MATT directed his bags to the hotel, then left Penn Station cross and exhausted from the trip across the continent. It wasn’t the train—the views, the berth, and even the food had been first class. It was worry about Page that had left its mark. He’d set off after her across the country, but various delays had made him late—she had already been in New York at least a week. If she were still here.

Exiting onto Thirty-second Street, he surveyed the crowds, looking for Page even though he had no expectation he might happen to run into her, not in the middle of Manhattan—but he had to hope she’d be here somewhere, so he kept his eyes open.

The real reason he was upset, of course, was the confounded watch—or rather how he was having to learn how it worked the hard way.

Two weeks after his arrival in nineteen hundred twelve, Matt had kept his eye on the temporal tuner and seen that Page had Traveled three years into the future, landing at nine thirty on September twenty-fourth in nineteen fifteen, and in San Francisco. He had even written down the latitude and longitude of the location, which placed her in or around Golden Gate Park. According to the watch.

Trying to Travel to that point in space and time would’ve been too risky using the professor’s faulty device. But Matt had presumed all he had to do was wait three years, then show up in the general area at the time she’d be arriving and use the regular tracking function to find her. A few weeks later he’d happened to check the temporal tuner and seen that by the middle of October, nineteen fifteen, Page would be in New York City.
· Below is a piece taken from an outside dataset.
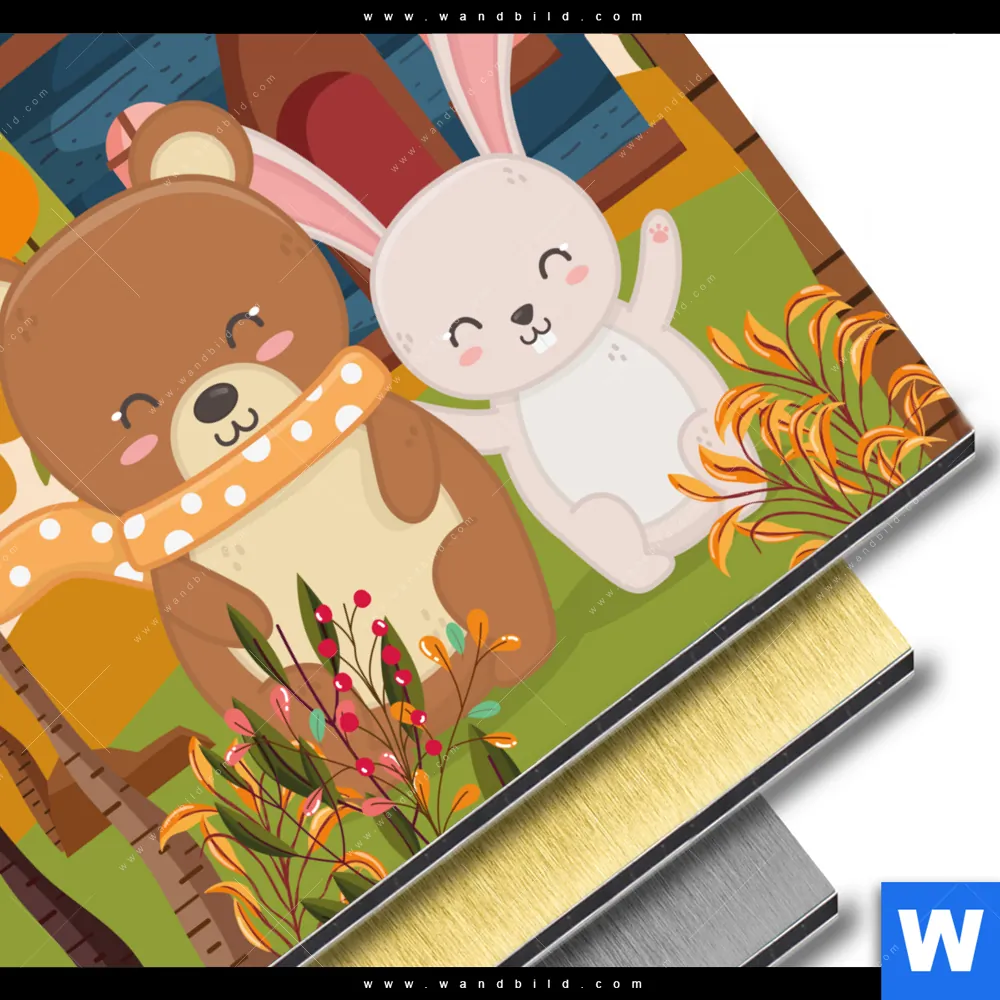 Alu-Dibond Bild | Bär & Häschen | Quadrat

Matt reflected on this puzzle while walking east toward Broadway, a part of his brain still searching for Page among the throngs. At the time, he had assumed he would reunite with her in nineteen fifteen in San Francisco—that they would travel together to New York. It hadn’t worked out that way.

He was glad that he had quit checking the temporal tuner, worried that having known where Page would be in the future had somehow fixed the fact of it in reality, like collapsing a quantum wave—a mistake he wouldn’t want to repeat.

Those three years waiting in San Francisco had given Matt plenty of opportunity to study the watch itself and its programming. He’d also had the time to review all he knew about time-travel theory. But it was in practice that the rubber met the road, and when Matt had gone to Golden Gate Park the morning of September twenty-fourth, then tried tracking Page with the locator app, she hadn’t appeared. After nine thirty, when he knew she must have arrived there somewhere, he hadn’t seen any blip or bar to guide him. So he’d resorted to running through the park looking for her. He had searched for hours before giving up. Then he’d gone to the bank.

Matt still ground his teeth when he recalled that conversation with Mr. Pitt. Yes, Miss Page had visited the bank that morning, but the lady had left already. No, Mr. Pitt didn’t know where he could find her, but he believed she was still in the city. He had given her Matt’s message, but, no, she had not waited or left any note for him.

Frustrated with the banker’s attitude and Page’s not having waited for him, or at least left a message saying where she could be found, Matt had searched through shops all over town, as well as clubs, hotels, and restaurants. And all to no avail. So after a couple of weeks scouring the city in vain, and knowing that Page would soon wind up in New York City, he had taken the train across the continent. But if she was still here somewhere, how would he be able to find her when he hadn’t been able to in California?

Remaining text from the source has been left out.